• **Supplied information**
▽

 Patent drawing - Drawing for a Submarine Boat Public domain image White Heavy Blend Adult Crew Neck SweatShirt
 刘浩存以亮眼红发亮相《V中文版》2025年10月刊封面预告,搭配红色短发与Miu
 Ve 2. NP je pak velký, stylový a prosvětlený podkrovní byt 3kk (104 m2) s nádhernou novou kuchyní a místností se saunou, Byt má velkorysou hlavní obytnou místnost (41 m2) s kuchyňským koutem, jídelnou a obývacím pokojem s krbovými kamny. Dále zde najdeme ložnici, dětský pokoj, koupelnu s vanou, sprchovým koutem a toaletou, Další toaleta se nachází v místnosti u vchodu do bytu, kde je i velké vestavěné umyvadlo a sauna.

△
▽

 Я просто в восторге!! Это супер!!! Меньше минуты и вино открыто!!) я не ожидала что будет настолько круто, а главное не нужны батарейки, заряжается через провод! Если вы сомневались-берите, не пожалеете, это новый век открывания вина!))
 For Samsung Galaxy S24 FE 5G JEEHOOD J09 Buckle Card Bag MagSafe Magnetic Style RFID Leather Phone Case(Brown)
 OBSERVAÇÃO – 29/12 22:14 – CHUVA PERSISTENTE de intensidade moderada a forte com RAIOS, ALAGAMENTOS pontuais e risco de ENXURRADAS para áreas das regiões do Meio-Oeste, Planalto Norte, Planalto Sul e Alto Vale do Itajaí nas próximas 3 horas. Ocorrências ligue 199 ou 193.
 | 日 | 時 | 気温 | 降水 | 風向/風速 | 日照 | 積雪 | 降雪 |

△

• **Your goal**
All that is needed is the exact run of lines above from the line containing "Patent drawing - Drawing" through the line containing "刘浩存以亮眼红发亮相《V中文", both of them included.

• **Result of the task**
 Patent drawing - Drawing for a Submarine Boat Public domain image White Heavy Blend Adult Crew Neck SweatShirt
 刘浩存以亮眼红发亮相《V中文版》2025年10月刊封面预告,搭配红色短发与Miu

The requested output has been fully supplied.